– Cardinal Reinhard Marx has announced that the German bishops’ conference will publish a pastoral handout for married couples that allows Protestant spouses of Catholics “in individual cases” and “under certain conditions” to receive Holy Communion, provided they “affirm the Catholic faith in the Eucharist.”
According to the press report of the Archbishop of Munich and Freising, the handout is primarily aimed at pastoral workers and is to be understood as a tool for pastoral situations, “to consider the concrete situation and come to a responsible decision about the possibility of the non-Catholic partner to receive Communion.”
The announcement was made “after intensive debate” at the conclusion of the general assembly of the German bishops’ conference, which was held Feb. 19 – 22 in the Bavarian city of Ingolstadt, and attended by 62 members of the bishops’ conference under the leadership of conference chairman Marx.
The press release declares that its premise is that “in individual cases, the spiritual hunger for receiving Communion together in interdenominational marriages can be so strong that it could jeopardize the marriage and the faith of the spouse.” The statement goes on to say that this applies all the more to spouses who “already want to live out their marriage very consciously” as a Christian couple.

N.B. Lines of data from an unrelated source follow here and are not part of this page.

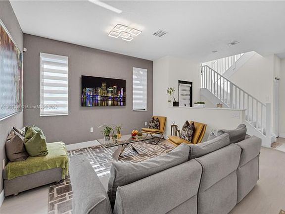 Welcome to this spacious 2-story townhouse with 1,894 sq ft of living space, meticulously maintained and available for rent in the heart of Doral at URBANA. As you enter, you'll find a 2-car garage with tile floors, a beautifully designed kitchen featuring a breakfast island, a dining area, a guest bathroom, and a bright, open living room. Upstairs, you'll enjoy vinyl floors throughout. The second floor hosts a convenient laundry room, and three generously sized bedrooms, including an oversized master suite with a private balcony and a spacious walk-in closet. This home is available partially furnished. Enjoy resort-style amenities and a prime location close to shopping, dining, and entertainment. Don't miss out on this exceptional opportunity! *Available December 1st*Courtesy of The Lab Realty Group, LLC (Listing 3319822 Confirmed 10/9/2025)
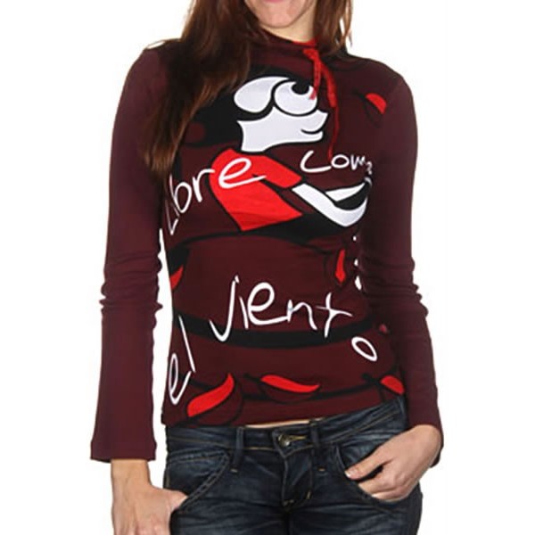 Camiseta familia LIBRE COMO EL VIENTO. Tejido de punto inglés. Estampado con colores marrón, rojo, negro y blanco. Cuello alto decorado con una pequeña cinta roja, manga larga y largo total hasta la cadera.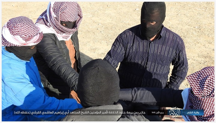 نشرت حسابات على مواقع التواصل الاجتماعي، تابعة لناشطين في تنظيم داعش، الإثنين 11 نوفمبر 2019، صورًا تظهر مبايعة مجموعة من المسلحين، لزعيم التنظيم الجديد، «أبو إبراهيم الهاشمي القرشي».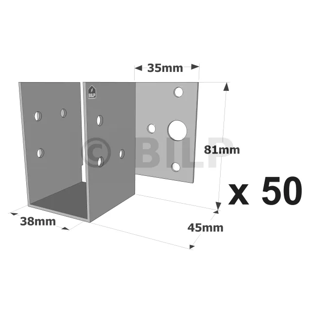 Balkenschuhe mit außenliegenden Schenkeln, MF-Sortiment, für MF-Mini-Pfettenanker - Réf. MF200/38/1.5_50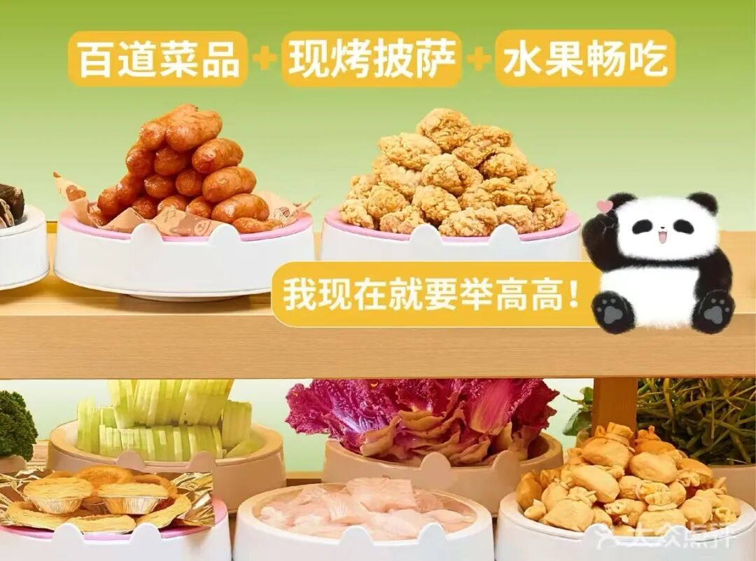 就餐服务方面,举高高有着和海底捞类似的细致服务,餐品区配备生熟食区分夹子、一次性围裙、头绳等贴心用品。门店装修以绿色为主色调,搭配熊猫IP形象,向消费者传达“绿色健康、自然好味”的品牌理念。
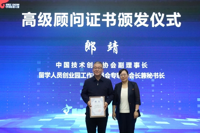 活動現場,中國技術創業協會副理事長、留學人員創業園工作委員會專職副會長兼秘書長郎靖接受聘書,成為丹陽市留學歸國創新創業人士工作委員會高級顧問。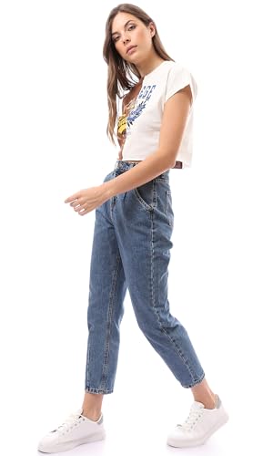 Ravin - ريفين تيشرت قصير باكمام قصيرة مطبوع بلونين للنساء - بيج وبني عصري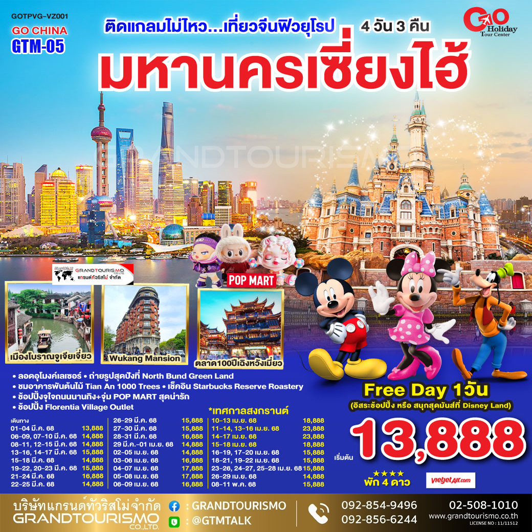 ทัวร์จีน เซี่ยงไฮ้ อิสระ1 วัน หาดไว่ทาน อาคารพันต้นไม้ ถนนนานกิง เมืองโบราณจูเจียเจี่ยว POP MART 4 วัน 3 คืน มิ.ย. 68 BY VZ

The central message of the handout is “that everyone in a marriage that binds denominations,” after a “mature examination in a spiritual conversation with their priest or another person charged with pastoral care, that has come to a decision of conscience to affirm the Faith of the Catholic Church as well as thereby concluding a ‘grave spiritual need’ as well as fulfilling the desire to receive the Eucharist, may approach the Lord’s table and receive Communion.”
Marx’s statement emphasizes: “We are talking about decisions in individual cases that require a careful spiritual discernment.”
The handout is expected to be published in a few weeks’ time.
The Code of Canon Law states that in the danger of death or if “some other grave necessity urges it,” Catholic ministers licitly administer penance, Eucharist, and anointing of the sick to Protestants “who cannot approach a minister of their own community and who seek such on their own accord, provided that they manifest Catholic faith in respect to these sacraments and are properly disposed.”
The bishops’ announcement follows a discussion of such a proposal at a previous general assembly held in the spring of 2017.
According to Archbishop Ludwig Schick of Bamberg in a report in the German diocesan newspaper Tag des Herrn from March 2017, Schick is quoted as saying that the bishops were seeking “a responsible decision” on the question of non-Catholic partners in interdenominational marriages in individual cases by pastoral means.
On Dec. 31 2016, the website of the Lutheran ecclesial community in Germany reported that Bishop Franz-Josef Bode of Osnabrück was hoping for a recognition of what was already the case, namely, that in many places, Protestants went to Communion with their Catholic spouses. “We have to give a foundation to what often already is in place in practice,” the website quotes Bode from an interview with the Lutheran press agency EPD.
Bode, who also attended the 2014-2015 Synods of Bishops on the family, was elected vice-chairman to the German bishops’ conference Sept. 26, 2017.